**Exercise brief**
Leaving out pictures, output exactly the lines below from the one that has "Rất nhiều bản" through the one that has "Observemos que de", and nothing else.
### Given entries ###
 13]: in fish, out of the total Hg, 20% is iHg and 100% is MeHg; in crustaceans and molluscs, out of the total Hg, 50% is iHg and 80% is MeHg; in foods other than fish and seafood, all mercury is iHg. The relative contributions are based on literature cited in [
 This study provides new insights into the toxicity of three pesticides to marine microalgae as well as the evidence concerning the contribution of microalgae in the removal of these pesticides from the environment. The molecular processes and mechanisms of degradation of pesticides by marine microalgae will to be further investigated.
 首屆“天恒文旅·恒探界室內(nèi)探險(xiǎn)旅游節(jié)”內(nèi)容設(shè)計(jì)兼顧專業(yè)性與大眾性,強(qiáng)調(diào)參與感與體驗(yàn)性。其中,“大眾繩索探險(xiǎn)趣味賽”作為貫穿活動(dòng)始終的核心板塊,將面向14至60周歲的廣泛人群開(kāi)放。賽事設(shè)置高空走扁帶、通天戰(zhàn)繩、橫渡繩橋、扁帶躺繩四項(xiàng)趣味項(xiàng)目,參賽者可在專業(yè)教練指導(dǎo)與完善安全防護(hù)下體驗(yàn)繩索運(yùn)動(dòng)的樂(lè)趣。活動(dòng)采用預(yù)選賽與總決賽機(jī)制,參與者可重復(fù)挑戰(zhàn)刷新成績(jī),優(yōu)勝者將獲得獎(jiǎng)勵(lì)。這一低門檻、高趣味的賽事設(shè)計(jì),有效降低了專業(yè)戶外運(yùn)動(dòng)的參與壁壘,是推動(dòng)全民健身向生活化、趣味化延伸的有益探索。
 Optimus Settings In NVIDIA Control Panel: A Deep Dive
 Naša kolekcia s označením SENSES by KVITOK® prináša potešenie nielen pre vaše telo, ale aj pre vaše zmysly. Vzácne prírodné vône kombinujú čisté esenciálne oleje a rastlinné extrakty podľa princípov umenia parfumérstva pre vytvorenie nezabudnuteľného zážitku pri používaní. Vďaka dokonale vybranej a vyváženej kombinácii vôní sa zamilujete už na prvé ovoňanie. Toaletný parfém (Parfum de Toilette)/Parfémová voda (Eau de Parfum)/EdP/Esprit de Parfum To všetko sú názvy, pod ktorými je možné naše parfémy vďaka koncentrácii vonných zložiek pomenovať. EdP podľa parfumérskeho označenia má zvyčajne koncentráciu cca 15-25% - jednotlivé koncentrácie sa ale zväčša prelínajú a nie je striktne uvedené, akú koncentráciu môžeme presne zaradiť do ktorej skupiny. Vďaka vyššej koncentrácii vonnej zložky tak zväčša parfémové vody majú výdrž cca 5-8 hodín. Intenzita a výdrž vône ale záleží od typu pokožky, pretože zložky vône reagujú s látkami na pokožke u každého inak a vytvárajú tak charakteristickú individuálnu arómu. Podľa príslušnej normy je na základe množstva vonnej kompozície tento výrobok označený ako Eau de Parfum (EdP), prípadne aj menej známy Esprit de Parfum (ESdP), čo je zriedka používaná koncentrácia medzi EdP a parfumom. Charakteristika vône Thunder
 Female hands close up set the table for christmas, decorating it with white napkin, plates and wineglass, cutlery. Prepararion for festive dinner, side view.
###
### Given entries ###
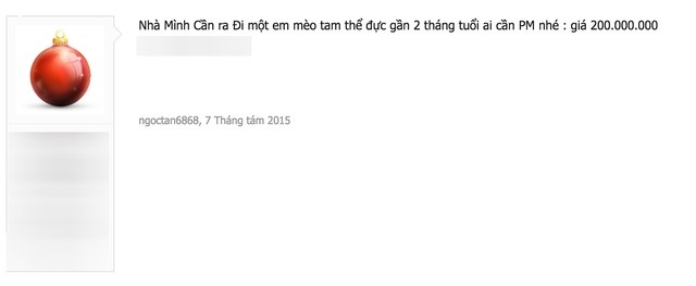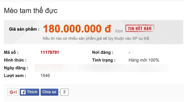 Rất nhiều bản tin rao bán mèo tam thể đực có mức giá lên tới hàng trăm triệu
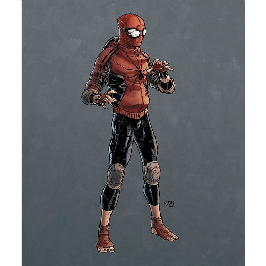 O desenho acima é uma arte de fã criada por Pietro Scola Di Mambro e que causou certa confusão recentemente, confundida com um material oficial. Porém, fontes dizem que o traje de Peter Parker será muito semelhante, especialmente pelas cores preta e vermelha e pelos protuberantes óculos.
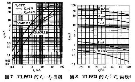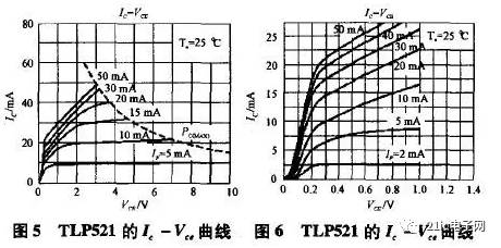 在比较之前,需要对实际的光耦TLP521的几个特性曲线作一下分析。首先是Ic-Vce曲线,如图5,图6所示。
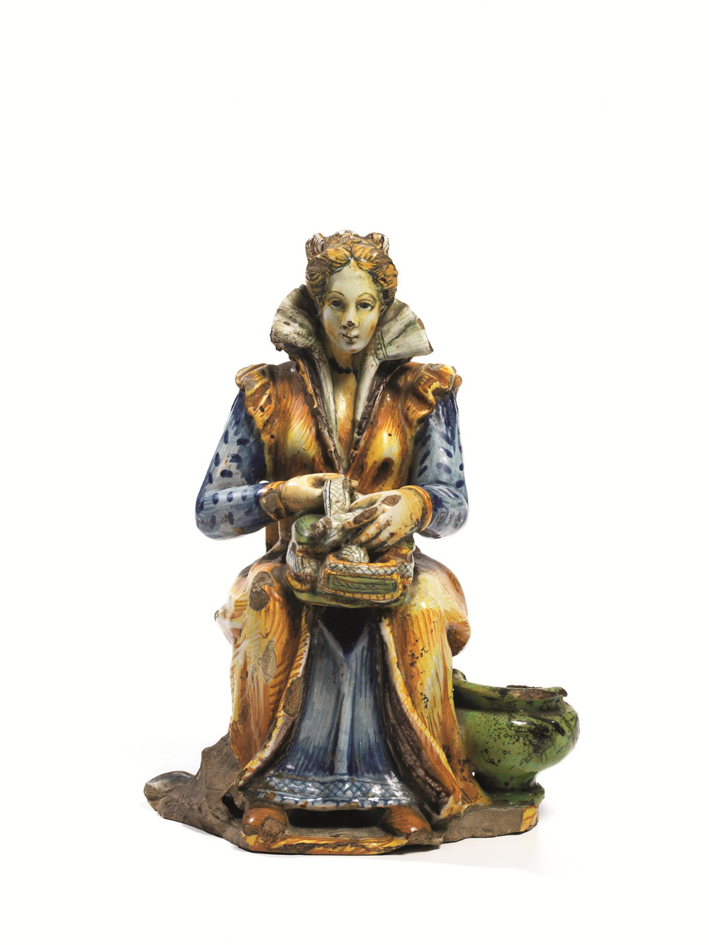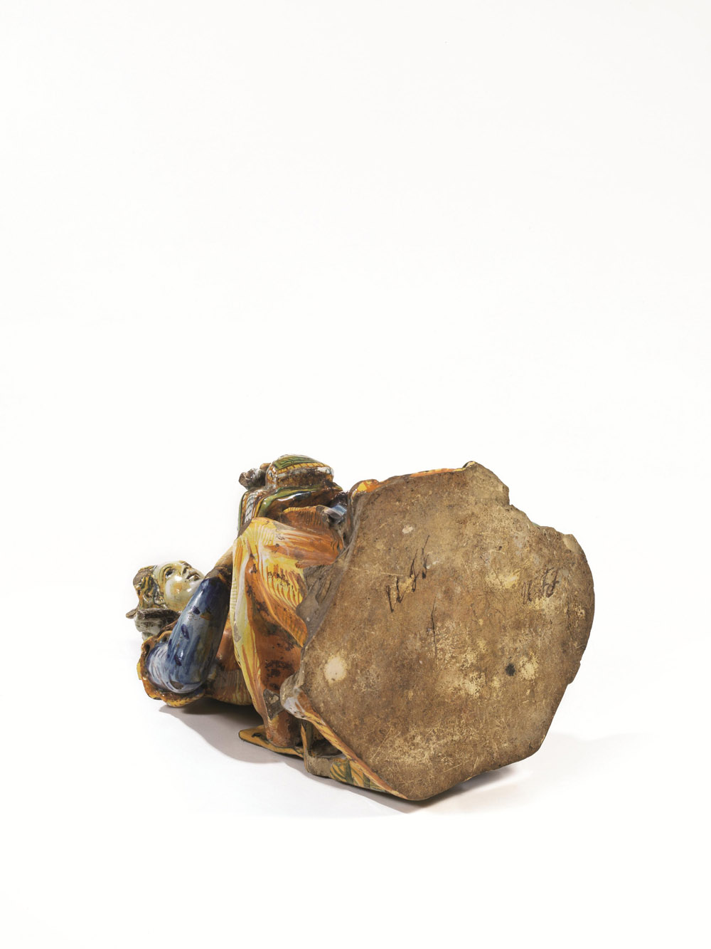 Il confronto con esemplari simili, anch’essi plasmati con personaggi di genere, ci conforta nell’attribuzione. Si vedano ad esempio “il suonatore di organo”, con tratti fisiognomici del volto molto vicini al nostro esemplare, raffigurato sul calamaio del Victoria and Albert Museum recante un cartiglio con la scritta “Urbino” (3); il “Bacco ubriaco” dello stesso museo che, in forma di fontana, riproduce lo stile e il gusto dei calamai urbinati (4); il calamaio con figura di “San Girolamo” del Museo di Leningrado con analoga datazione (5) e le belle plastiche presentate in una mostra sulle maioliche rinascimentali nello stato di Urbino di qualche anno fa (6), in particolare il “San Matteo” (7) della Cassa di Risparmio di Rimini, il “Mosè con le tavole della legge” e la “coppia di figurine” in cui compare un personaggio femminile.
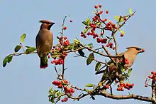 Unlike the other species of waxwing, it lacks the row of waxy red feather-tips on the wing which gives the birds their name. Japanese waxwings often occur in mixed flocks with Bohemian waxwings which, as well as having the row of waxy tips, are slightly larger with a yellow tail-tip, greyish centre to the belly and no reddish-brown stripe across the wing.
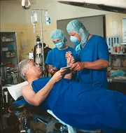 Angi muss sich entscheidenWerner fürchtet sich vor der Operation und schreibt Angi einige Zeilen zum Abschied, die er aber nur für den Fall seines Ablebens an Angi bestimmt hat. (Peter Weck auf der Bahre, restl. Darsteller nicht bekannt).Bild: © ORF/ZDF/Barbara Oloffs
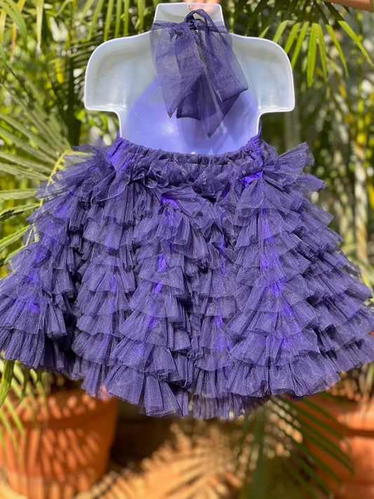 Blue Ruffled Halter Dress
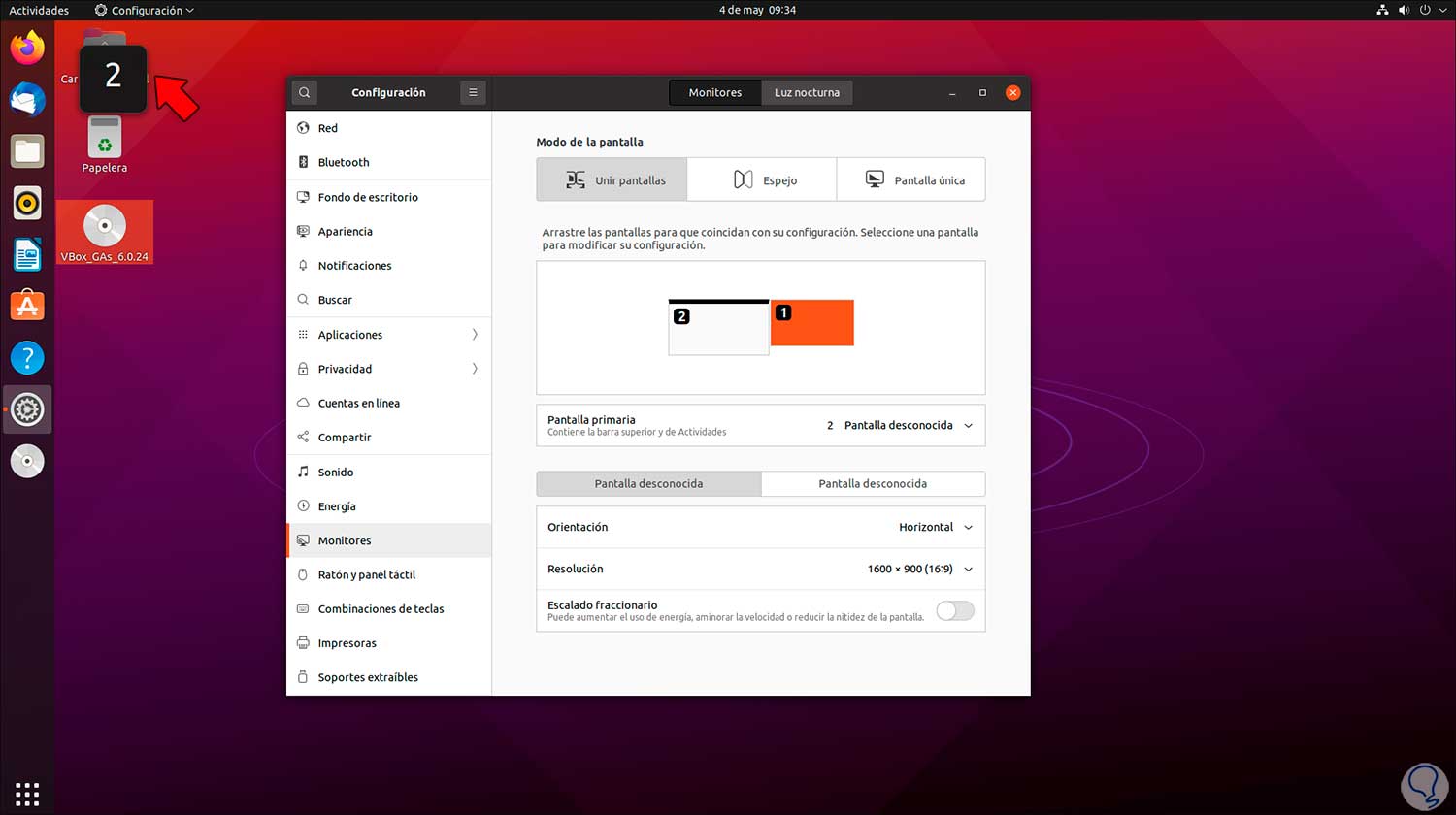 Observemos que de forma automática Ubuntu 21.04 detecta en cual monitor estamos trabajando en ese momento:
###
### Given entries ###
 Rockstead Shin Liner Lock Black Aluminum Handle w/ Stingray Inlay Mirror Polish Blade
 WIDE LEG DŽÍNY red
###
**Reply to the task**
 Rất nhiều bản tin rao bán mèo tam thể đực có mức giá lên tới hàng trăm triệu
 O desenho acima é uma arte de fã criada por Pietro Scola Di Mambro e que causou certa confusão recentemente, confundida com um material oficial. Porém, fontes dizem que o traje de Peter Parker será muito semelhante, especialmente pelas cores preta e vermelha e pelos protuberantes óculos.
 在比较之前,需要对实际的光耦TLP521的几个特性曲线作一下分析。首先是Ic-Vce曲线,如图5,图6所示。
 Il confronto con esemplari simili, anch’essi plasmati con personaggi di genere, ci conforta nell’attribuzione. Si vedano ad esempio “il suonatore di organo”, con tratti fisiognomici del volto molto vicini al nostro esemplare, raffigurato sul calamaio del Victoria and Albert Museum recante un cartiglio con la scritta “Urbino” (3); il “Bacco ubriaco” dello stesso museo che, in forma di fontana, riproduce lo stile e il gusto dei calamai urbinati (4); il calamaio con figura di “San Girolamo” del Museo di Leningrado con analoga datazione (5) e le belle plastiche presentate in una mostra sulle maioliche rinascimentali nello stato di Urbino di qualche anno fa (6), in particolare il “San Matteo” (7) della Cassa di Risparmio di Rimini, il “Mosè con le tavole della legge” e la “coppia di figurine” in cui compare un personaggio femminile.
 Unlike the other species of waxwing, it lacks the row of waxy red feather-tips on the wing which gives the birds their name. Japanese waxwings often occur in mixed flocks with Bohemian waxwings which, as well as having the row of waxy tips, are slightly larger with a yellow tail-tip, greyish centre to the belly and no reddish-brown stripe across the wing.
 Angi muss sich entscheidenWerner fürchtet sich vor der Operation und schreibt Angi einige Zeilen zum Abschied, die er aber nur für den Fall seines Ablebens an Angi bestimmt hat. (Peter Weck auf der Bahre, restl. Darsteller nicht bekannt).Bild: © ORF/ZDF/Barbara Oloffs
 Blue Ruffled Halter Dress
 Observemos que de forma automática Ubuntu 21.04 detecta en cual monitor estamos trabajando en ese momento:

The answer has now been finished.